- [AVAILABLE DATA]:
....

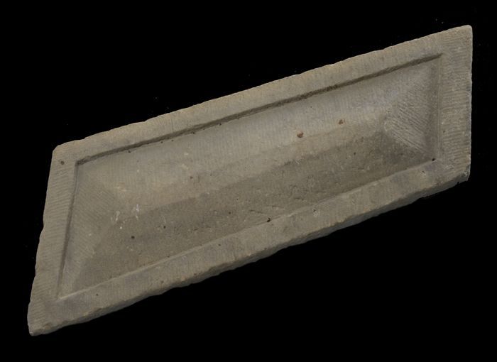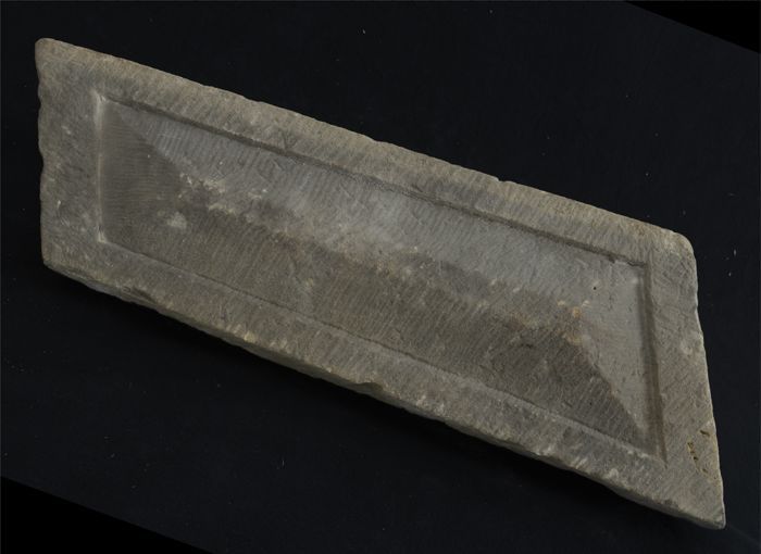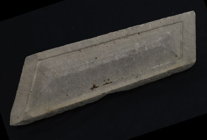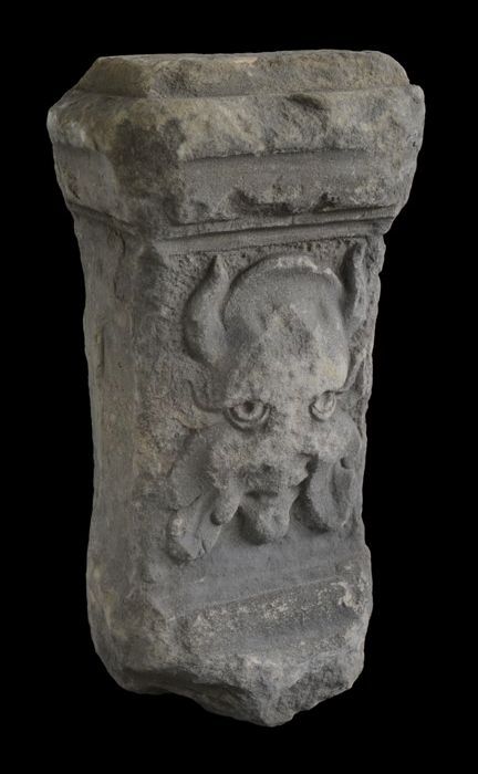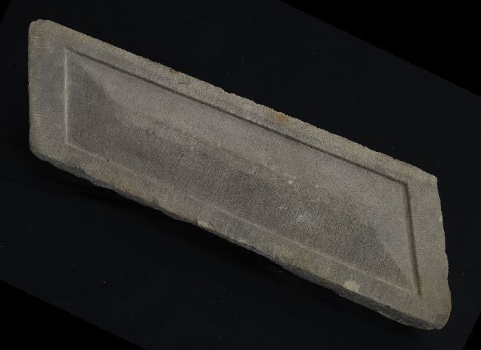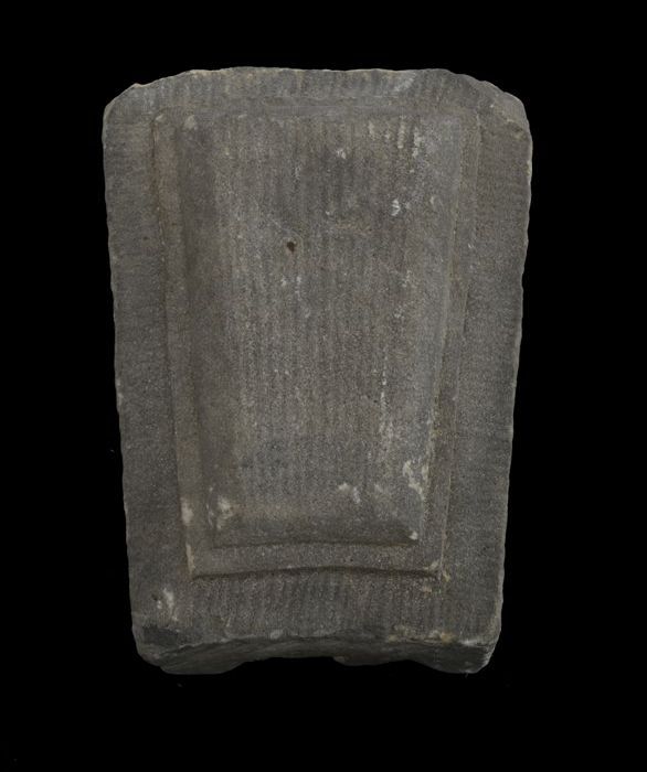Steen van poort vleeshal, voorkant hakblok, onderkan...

....

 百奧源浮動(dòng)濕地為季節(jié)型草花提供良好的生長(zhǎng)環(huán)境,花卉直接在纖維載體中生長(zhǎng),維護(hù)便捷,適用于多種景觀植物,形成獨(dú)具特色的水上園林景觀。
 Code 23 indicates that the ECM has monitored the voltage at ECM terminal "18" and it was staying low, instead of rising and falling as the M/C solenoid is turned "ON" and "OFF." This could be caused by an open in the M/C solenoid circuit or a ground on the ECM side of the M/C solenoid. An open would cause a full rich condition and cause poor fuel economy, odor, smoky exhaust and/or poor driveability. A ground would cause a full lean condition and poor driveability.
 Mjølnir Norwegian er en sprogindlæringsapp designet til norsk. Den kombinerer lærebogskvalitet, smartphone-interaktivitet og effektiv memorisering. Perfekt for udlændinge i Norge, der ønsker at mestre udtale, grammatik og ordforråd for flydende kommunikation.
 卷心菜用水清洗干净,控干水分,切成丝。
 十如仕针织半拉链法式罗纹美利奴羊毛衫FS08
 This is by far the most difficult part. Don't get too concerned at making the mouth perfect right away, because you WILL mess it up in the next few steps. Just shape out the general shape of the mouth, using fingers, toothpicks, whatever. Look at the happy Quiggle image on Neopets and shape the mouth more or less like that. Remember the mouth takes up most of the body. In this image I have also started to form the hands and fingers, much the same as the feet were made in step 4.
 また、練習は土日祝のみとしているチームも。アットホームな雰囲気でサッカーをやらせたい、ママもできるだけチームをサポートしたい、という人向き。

....

- [GOAL OF THE EXERCISE]: Take from the material above every line that includes the word "This".

- [EXERCISE OUTPUT]:
 Code 23 indicates that the ECM has monitored the voltage at ECM terminal "18" and it was staying low, instead of rising and falling as the M/C solenoid is turned "ON" and "OFF." This could be caused by an open in the M/C solenoid circuit or a ground on the ECM side of the M/C solenoid. An open would cause a full rich condition and cause poor fuel economy, odor, smoky exhaust and/or poor driveability. A ground would cause a full lean condition and poor driveability.
 This is by far the most difficult part. Don't get too concerned at making the mouth perfect right away, because you WILL mess it up in the next few steps. Just shape out the general shape of the mouth, using fingers, toothpicks, whatever. Look at the happy Quiggle image on Neopets and shape the mouth more or less like that. Remember the mouth takes up most of the body. In this image I have also started to form the hands and fingers, much the same as the feet were made in step 4.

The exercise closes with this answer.